А потом слушание дела прекращается — перерыв; и на другой день — снова безупречно вежливое лицо судьи под изречением и все сначала.
Каждое утро все было по-иному, все менялось, резко менялось, и, однако же, зал суда был все тот же — неизменный, постоянный. Время менялось, жадно двигалось вперед. Уже было начало лета. Январь остался далеко позади. Дни перепрыгивали с пятницы на понедельник, торопя время, и снова «Джозефа Моррисси», человека лет сорока пяти, вводили в зал через дверь в передней его части, и он снова садился за стол у возвышения, на котором восседал судья. И снова по окончании дневного заседания его уводили, а все остальные уходили, позевывая, — уходили свободные. А когда все возвращались, время уже передвинулось, и все немного изменилось — все, за исключением судьи в его черной мантии и изречения над ним с этими ненавистными Джеку словами «Совесть велит говорить правду».
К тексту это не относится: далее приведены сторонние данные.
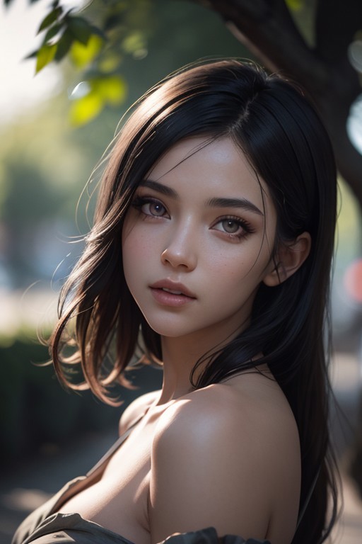 1 girl, bare shoulder, masterpiece, best quality, high resolution, 8K, HDR, bloom, sun light, raytracing, detailed shadows, intricate tree shadow, bokeh, depth of field, film photography, film grain, glare, (wind:0.8), detailed hair, beautiful face, beautiful girl, ultra detailed eyes, cinematic lighting, (hyperdetailed:1.15), outdoors

Мать Джека больше не ходила в лавки за покупками. Она вообще не выходила на улицу — только ездила в центр на суд, туда и обратно на автобусе. Она плакала и говорила Джеку, что люди глазеют на нее. Женщины глазеют на нее. Однажды кто-то подошел к ней и сказал: «Вы жена того малого, да?» Было это в магазине Крогера, и она больше туда не пойдет.
— Если бы я только был с тобой… — пробормотал Джек.
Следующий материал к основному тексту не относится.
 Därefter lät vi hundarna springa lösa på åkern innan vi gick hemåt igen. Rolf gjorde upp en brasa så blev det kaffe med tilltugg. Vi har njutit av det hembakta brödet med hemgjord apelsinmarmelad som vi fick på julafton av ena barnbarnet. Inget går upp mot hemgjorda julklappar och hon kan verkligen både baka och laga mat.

Он все время злился — дергался, не спал и злился; злость вздымалась в нем острыми зазубринами, вызывавшими физическую боль, и ему очень хотелось дать ей болю.
Его злила сестра — ее долгие молчания, а потом внезапные приступы болтливости, какой-то поистине безудержной детской болтливости. Она хихикала тонким голоском и рассказывала про знакомых девчонок — как одна чуть не свалилась с эстрады, когда хор выступал перед публикой; про забавного водителя автобуса, которого все девчонки так любили; а Джеку хотелось сказать ей, чтоб она заткнулась, хотелось ударить ее — лишь бы она замолчала. Но вместо этого он пытался слушать — по примеру матери, — даже пытался улыбаться. Это была первая неделя суда, и обвинение излагало обстоятельства дела «Народ против Джозефа Моррисси».
Выглядело все скверно, очень скверно.
Так что Джек не говорил Элис, чтоб она заткнулась, он не говорил матери, что она все выдумывает: никто не знает ее, всем в общем-то на нее наплевать…
Ему не сиделось на месте, он просто не мог находиться дома. Ему нравилось бегать по парку, бежать по глухим лесным дрожкам, бежать, пока все тело не начинало пульсировать. Пока в голове не начинался звон. Завидев знакомого — любого мальчика, который казался знакомым, — он тотчас сворачивал в сторону, убегал. Как-то раз, пробегая мимо двух маленьких черных мальчишек, он увидел, что они принялись смеяться над ним, ему захотелось остановиться и… Но он не остановился. Он продолжал бежать, пока не выдохся, пока от усталости не заплакал.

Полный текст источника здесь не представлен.